=== Section Start ===

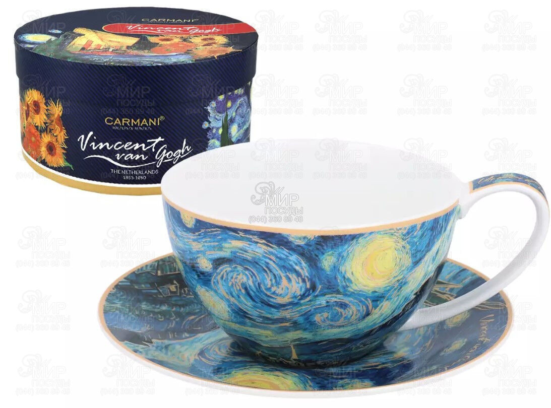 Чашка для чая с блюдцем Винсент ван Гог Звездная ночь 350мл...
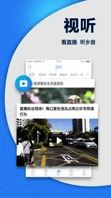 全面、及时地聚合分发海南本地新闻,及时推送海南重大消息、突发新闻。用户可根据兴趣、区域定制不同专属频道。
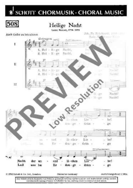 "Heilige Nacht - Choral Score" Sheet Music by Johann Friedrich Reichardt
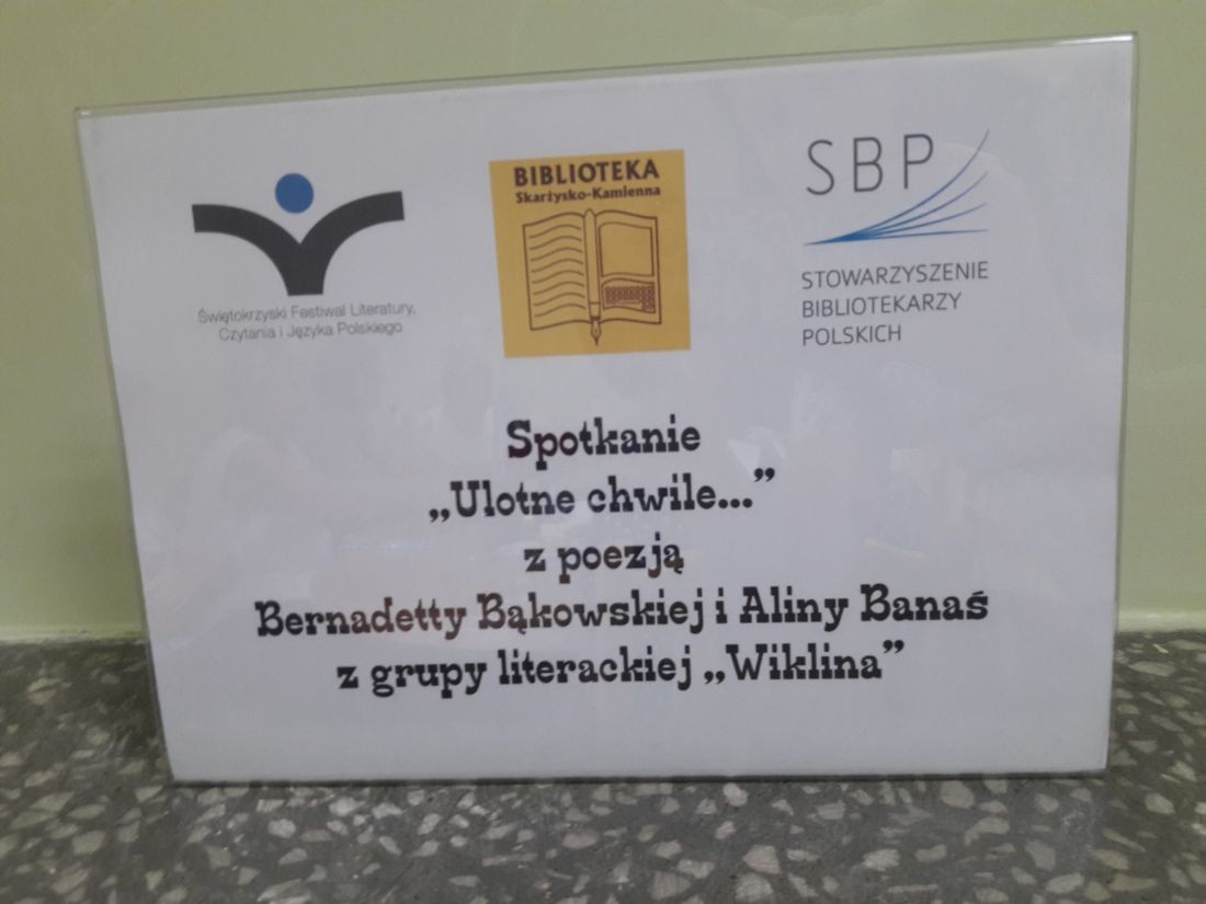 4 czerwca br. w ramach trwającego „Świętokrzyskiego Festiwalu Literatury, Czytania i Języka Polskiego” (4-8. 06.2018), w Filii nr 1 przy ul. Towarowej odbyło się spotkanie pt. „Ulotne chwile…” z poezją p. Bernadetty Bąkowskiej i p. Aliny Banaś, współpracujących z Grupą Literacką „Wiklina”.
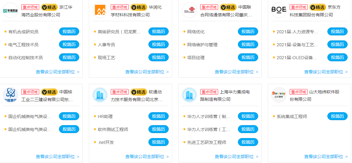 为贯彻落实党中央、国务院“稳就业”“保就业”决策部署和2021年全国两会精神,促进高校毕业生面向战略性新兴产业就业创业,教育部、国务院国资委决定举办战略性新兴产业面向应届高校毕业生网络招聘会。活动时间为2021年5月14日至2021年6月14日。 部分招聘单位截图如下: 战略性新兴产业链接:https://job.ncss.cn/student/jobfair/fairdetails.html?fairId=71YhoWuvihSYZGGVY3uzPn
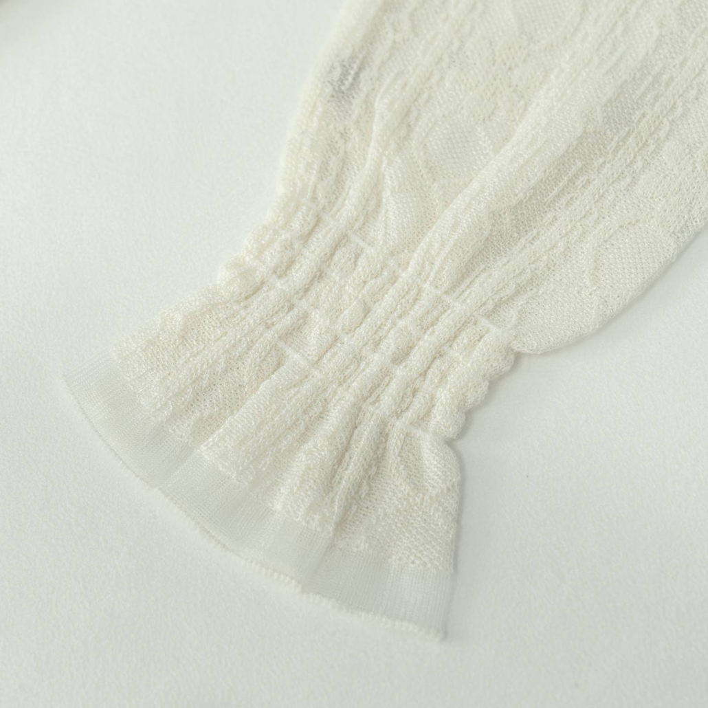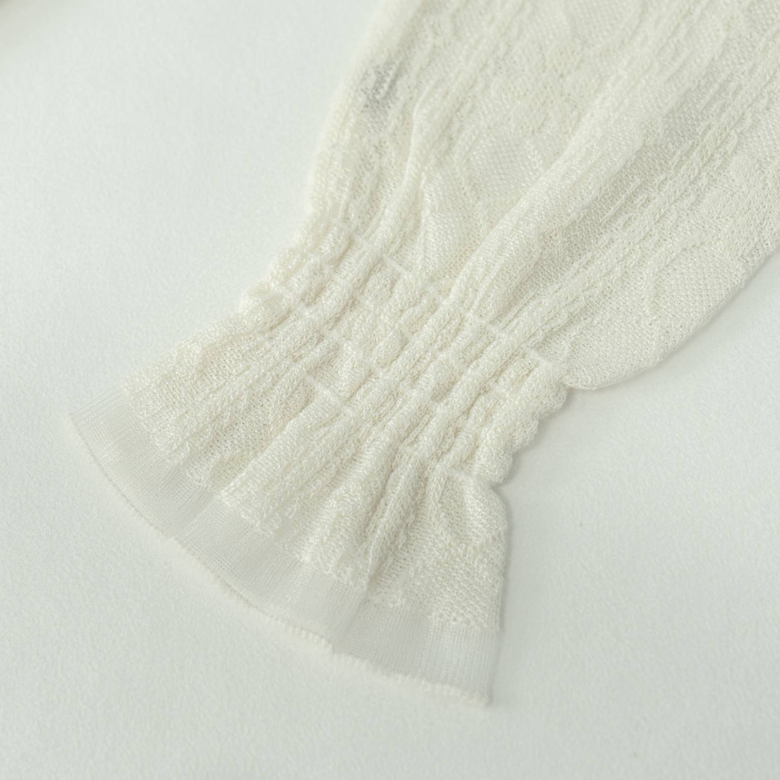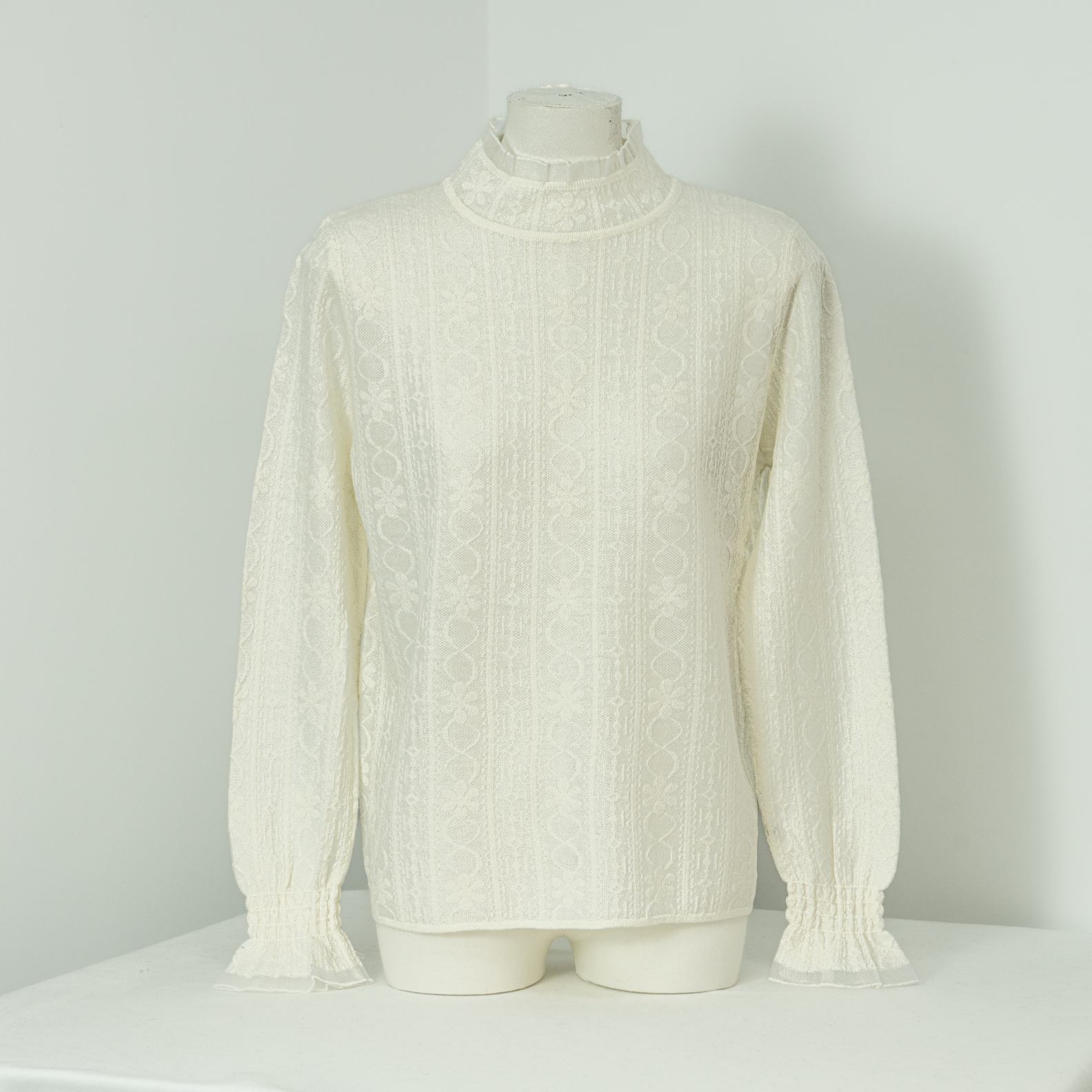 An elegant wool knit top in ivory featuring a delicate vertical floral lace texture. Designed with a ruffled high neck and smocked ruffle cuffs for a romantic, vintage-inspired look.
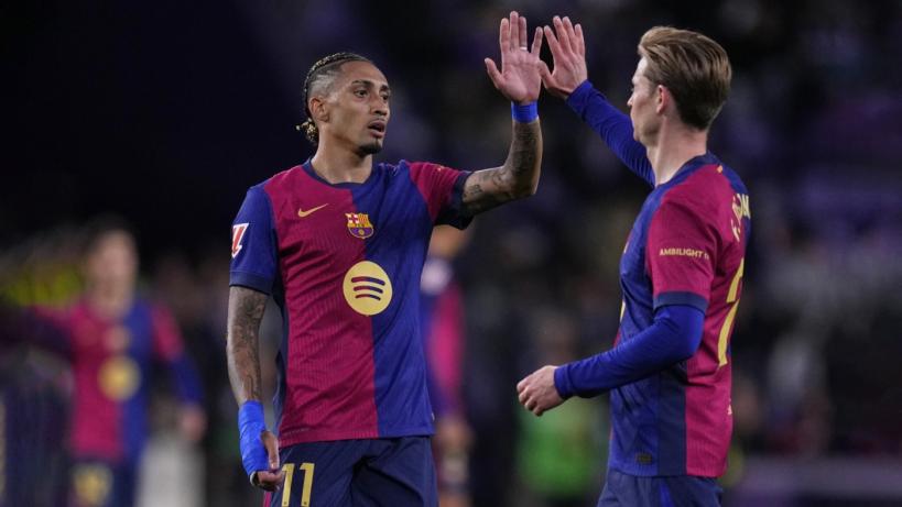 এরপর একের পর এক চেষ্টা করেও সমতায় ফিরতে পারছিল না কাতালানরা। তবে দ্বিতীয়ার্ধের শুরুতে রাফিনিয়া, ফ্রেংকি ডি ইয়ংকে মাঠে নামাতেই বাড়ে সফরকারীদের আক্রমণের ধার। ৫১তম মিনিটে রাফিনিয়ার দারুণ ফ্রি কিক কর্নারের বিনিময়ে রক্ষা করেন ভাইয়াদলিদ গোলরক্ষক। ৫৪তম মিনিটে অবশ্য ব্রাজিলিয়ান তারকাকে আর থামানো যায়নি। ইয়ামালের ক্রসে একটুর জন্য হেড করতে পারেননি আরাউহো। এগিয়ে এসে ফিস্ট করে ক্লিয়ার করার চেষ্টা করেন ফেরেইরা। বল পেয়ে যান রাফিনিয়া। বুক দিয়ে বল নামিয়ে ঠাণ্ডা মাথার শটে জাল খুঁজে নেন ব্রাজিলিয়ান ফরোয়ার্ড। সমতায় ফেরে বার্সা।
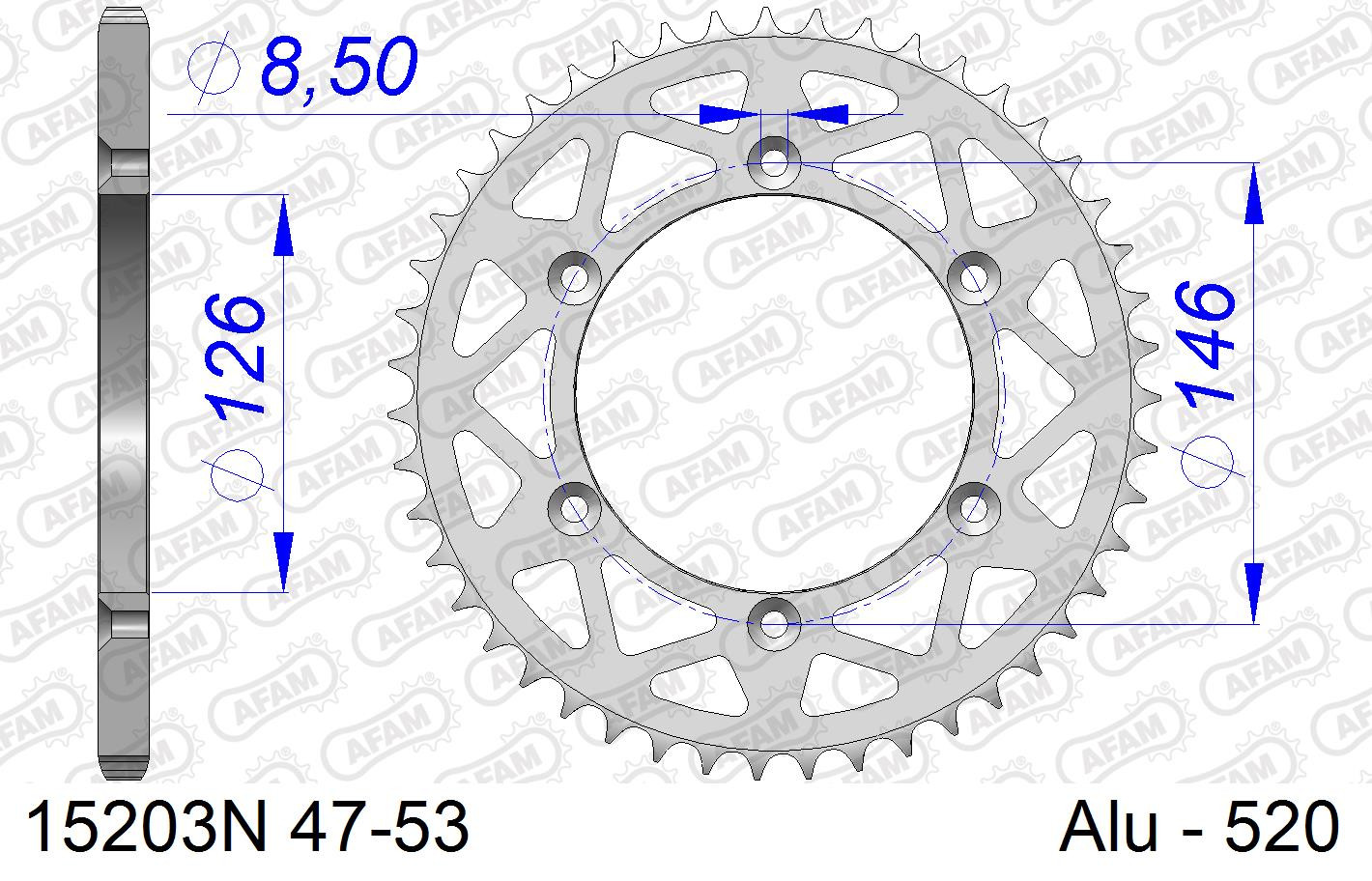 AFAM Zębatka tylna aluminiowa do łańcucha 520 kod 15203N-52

=== Section End ===

Exercise description – Exclude the pictures and write out exactly the lines from the one holding "Johann Friedrich Reichardt" through the end of the entries, inclusive, and only those.

Answer below –
 "Heilige Nacht - Choral Score" Sheet Music by Johann Friedrich Reichardt
 4 czerwca br. w ramach trwającego „Świętokrzyskiego Festiwalu Literatury, Czytania i Języka Polskiego” (4-8. 06.2018), w Filii nr 1 przy ul. Towarowej odbyło się spotkanie pt. „Ulotne chwile…” z poezją p. Bernadetty Bąkowskiej i p. Aliny Banaś, współpracujących z Grupą Literacką „Wiklina”.
 为贯彻落实党中央、国务院“稳就业”“保就业”决策部署和2021年全国两会精神,促进高校毕业生面向战略性新兴产业就业创业,教育部、国务院国资委决定举办战略性新兴产业面向应届高校毕业生网络招聘会。活动时间为2021年5月14日至2021年6月14日。 部分招聘单位截图如下: 战略性新兴产业链接:https://job.ncss.cn/student/jobfair/fairdetails.html?fairId=71YhoWuvihSYZGGVY3uzPn
 An elegant wool knit top in ivory featuring a delicate vertical floral lace texture. Designed with a ruffled high neck and smocked ruffle cuffs for a romantic, vintage-inspired look.
 এরপর একের পর এক চেষ্টা করেও সমতায় ফিরতে পারছিল না কাতালানরা। তবে দ্বিতীয়ার্ধের শুরুতে রাফিনিয়া, ফ্রেংকি ডি ইয়ংকে মাঠে নামাতেই বাড়ে সফরকারীদের আক্রমণের ধার। ৫১তম মিনিটে রাফিনিয়ার দারুণ ফ্রি কিক কর্নারের বিনিময়ে রক্ষা করেন ভাইয়াদলিদ গোলরক্ষক। ৫৪তম মিনিটে অবশ্য ব্রাজিলিয়ান তারকাকে আর থামানো যায়নি। ইয়ামালের ক্রসে একটুর জন্য হেড করতে পারেননি আরাউহো। এগিয়ে এসে ফিস্ট করে ক্লিয়ার করার চেষ্টা করেন ফেরেইরা। বল পেয়ে যান রাফিনিয়া। বুক দিয়ে বল নামিয়ে ঠাণ্ডা মাথার শটে জাল খুঁজে নেন ব্রাজিলিয়ান ফরোয়ার্ড। সমতায় ফেরে বার্সা।
 AFAM Zębatka tylna aluminiowa do łańcucha 520 kod 15203N-52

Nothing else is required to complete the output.